··· Data extracts ···

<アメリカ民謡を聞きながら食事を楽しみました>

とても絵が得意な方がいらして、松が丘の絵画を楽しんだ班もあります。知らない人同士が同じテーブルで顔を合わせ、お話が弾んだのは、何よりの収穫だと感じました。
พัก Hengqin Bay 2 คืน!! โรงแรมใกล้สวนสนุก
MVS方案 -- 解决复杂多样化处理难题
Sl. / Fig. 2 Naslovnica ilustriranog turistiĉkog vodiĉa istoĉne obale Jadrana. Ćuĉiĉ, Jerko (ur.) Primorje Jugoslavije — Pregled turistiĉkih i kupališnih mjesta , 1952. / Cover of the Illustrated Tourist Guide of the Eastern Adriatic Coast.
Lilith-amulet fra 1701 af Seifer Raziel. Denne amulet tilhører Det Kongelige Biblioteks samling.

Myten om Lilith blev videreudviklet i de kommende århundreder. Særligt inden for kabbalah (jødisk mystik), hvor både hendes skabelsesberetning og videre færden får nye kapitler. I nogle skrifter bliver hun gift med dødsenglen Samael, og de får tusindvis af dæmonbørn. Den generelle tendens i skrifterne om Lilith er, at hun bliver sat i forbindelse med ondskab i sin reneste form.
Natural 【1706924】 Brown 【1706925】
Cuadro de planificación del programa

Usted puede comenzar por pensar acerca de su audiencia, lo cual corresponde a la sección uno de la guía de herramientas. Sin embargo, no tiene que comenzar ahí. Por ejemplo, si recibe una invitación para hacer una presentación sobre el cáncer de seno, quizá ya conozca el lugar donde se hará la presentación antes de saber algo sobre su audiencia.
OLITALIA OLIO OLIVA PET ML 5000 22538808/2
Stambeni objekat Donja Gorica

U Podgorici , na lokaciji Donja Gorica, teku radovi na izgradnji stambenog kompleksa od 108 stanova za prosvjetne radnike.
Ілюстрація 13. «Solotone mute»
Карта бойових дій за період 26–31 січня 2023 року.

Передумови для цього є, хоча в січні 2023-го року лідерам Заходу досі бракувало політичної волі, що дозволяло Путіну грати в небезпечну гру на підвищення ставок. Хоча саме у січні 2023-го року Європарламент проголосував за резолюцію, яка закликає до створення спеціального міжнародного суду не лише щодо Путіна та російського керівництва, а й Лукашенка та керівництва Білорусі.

···
··· Data extracts ···

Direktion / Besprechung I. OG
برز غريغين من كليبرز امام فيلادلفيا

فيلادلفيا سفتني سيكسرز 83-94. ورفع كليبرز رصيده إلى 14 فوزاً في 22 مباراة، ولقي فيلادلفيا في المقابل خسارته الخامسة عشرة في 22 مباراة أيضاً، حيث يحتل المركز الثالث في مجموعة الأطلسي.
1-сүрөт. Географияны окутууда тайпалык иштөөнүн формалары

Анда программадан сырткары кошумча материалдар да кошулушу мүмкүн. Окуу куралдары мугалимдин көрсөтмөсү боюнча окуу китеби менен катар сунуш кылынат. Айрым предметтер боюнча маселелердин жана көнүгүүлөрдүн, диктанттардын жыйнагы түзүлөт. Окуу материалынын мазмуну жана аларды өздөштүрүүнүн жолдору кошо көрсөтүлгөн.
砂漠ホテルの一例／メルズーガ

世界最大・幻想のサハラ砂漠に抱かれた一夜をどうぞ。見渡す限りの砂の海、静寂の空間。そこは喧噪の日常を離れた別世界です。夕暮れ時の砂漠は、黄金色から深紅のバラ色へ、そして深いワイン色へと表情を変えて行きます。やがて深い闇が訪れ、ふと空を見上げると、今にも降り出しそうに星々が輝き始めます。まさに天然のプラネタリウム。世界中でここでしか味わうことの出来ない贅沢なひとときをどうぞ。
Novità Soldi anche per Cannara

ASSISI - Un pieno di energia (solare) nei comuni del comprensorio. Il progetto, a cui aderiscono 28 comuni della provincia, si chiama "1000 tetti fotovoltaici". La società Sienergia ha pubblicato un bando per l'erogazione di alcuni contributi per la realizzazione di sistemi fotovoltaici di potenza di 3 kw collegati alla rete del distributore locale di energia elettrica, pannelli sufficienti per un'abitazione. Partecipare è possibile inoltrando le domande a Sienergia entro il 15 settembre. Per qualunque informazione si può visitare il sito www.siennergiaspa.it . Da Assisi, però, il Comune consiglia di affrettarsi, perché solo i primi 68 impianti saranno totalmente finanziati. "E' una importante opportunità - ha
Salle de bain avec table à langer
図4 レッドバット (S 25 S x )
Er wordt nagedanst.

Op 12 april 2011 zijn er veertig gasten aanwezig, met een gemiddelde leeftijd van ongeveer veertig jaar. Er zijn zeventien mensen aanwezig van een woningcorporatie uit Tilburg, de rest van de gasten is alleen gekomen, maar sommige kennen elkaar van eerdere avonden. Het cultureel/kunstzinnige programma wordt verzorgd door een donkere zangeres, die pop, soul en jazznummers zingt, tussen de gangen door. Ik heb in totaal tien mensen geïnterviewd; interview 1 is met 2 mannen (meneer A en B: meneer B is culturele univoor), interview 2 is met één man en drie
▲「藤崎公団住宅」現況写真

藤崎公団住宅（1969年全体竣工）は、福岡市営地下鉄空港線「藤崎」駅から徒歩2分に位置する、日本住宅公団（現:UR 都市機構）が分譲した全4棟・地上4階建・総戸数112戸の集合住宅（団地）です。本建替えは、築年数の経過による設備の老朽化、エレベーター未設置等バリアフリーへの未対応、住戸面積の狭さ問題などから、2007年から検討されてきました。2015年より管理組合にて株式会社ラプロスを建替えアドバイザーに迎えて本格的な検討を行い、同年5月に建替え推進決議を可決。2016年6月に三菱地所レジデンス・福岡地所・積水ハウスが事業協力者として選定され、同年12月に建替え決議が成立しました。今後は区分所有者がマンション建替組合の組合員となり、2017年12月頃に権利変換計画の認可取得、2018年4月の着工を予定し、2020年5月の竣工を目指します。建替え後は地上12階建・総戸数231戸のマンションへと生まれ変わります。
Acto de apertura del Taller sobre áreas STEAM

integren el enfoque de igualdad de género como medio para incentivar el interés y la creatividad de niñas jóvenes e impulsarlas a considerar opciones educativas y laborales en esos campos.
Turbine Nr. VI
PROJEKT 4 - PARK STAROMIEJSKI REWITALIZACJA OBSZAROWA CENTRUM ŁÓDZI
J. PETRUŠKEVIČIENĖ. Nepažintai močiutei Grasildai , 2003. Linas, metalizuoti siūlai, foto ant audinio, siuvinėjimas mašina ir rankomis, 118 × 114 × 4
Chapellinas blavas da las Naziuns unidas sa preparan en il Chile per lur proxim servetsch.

···
··· Data extracts ···

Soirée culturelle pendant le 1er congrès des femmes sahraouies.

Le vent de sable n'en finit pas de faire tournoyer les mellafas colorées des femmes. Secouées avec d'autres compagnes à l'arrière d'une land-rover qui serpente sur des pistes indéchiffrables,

···

▸ **Work item**:
Report all lines in the listing above that contain the word "Donja".

▸ **Worked solution**:
Stambeni objekat Donja Gorica
U Podgorici , na lokaciji Donja Gorica, teku radovi na izgradnji stambenog kompleksa od 108 stanova za prosvjetne radnike.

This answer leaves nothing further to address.